Hello!
As it was possible to guess from the title, we will focus on HTML parsing (hereinafter referred to as html).
')
PreambleOnce I got the idea of ​​"X", but for its implementation, you need a calculated DOM with all the styles and buns. Googling and Yandex showed nothing good. There are all sorts of wrappers for WebKit, but they do not work on all platforms, and very cropped. There are projects where WebKit is wrapped in a certain frontend with which you work via JavaScript. Something was tried, but the result was deplorable. Consumption of resources which only cost.
WishlistBut I wanted, as it seemed, not so much:
- Renderer html without wild dependencies.

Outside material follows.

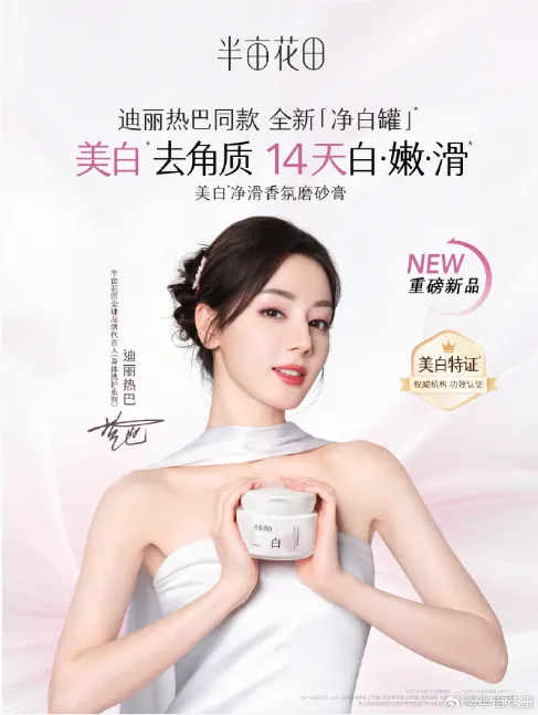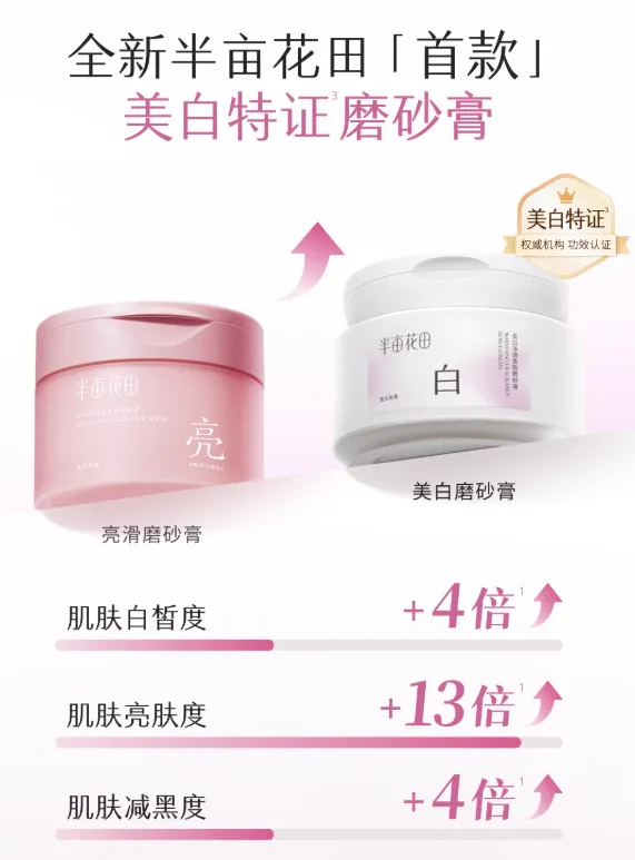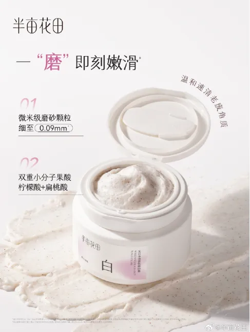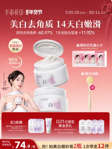 【半亩花田】 1.14推出全新净白磨砂膏(美白特证),沐浴磨砂美白三合一,200g/74.9元,送沐浴刷及代言人小卡

Only a renderer, the network would fall on the user. In other words, the full calculation of html until drawing in the window.

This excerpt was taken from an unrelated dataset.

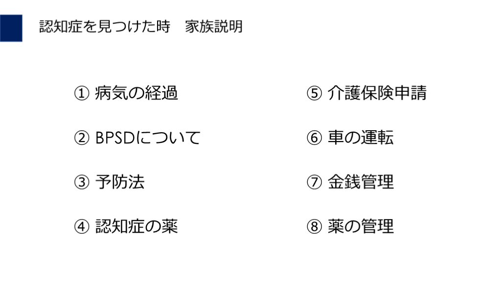 #49. 認知症を見つけた時 家族説明 ① 病気の経過 ③ 予防法 ④ 認知症の薬 ② BPSDについて ⑧ 薬の管理 ⑤ 介護保険申請 ⑥ 車の運転 ⑦ 金銭管理

- Ability to adjust wrapper for JavaScript engine
- The ability to easily make a wrapper for other programming languages
And I entered into an unequal battle!Studied existing HTML and CSS (hereinafter cess) parsers.

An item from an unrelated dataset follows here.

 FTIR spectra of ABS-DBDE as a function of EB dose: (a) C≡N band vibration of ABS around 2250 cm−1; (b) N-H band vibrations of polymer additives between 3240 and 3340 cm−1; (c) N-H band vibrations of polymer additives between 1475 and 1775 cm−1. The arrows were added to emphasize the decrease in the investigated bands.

Being a back-end developer, I was not always satisfied with existing HTML parsers. All of them were divided conditionally into three categories:
- Parsing as you please, having only your own idea about tokenization of html
- Somehow following the specification
- Parsing clearly following specifications
It would seem that there is a third point, and you can probably close the topic? But no, and here's why: all existing parsers are arranged according to the principle “Parsim and Dying”. This is when you give the program a whole html, the program returns the result and any subsequent manipulations are impossible, only reading. This fact greatly limits the scope of the parsers. It is worth making a remark, there are those who shift work with the DOM to a higher level. The meaning is this: parsim with a parser, and then through the wrapper we try to work with the DOM on, for example, Python, which is a little absurd.
Further, no one allowed to break into the stream (meaning html) at the time of parsing. This is extremely important for adjusting the JavaScript engine. I will not explain for a long time, but I'd better show you why:
Fragment of html document:
<script>document.write("<div cl");</script>ass="future"></div>
The result of any browser with JS:
... <div class="future"></div>
That is, in the end a full DIV element will be created. By the way, tokenization tag SCRIPT is still the case. I had to paint
After all he saw, it was decided to write everything from scratch on C. The requirements for the code immediately arose:
- C99 support
- Ability to separate html parser from renderer to use separately
- No external dependencies
Why is it so tough right away - on Si ?! The solution must be embedded so that you can easily make a binding for a third-party programming language.
With varying success, it was possible to implement in draft form:
- Html parser
- Parser cess
- Selectors
- Inline Drawer, inline-block, block, table ...
You can write about the renderer for a long time, for the short phrase “Renderer of inline elements” there is not enough hiding: working with fonts according to the specification, calculating the size of the text, calculating the vertical-align, building an auxiliary tree for drawing the text, and a whole lot more.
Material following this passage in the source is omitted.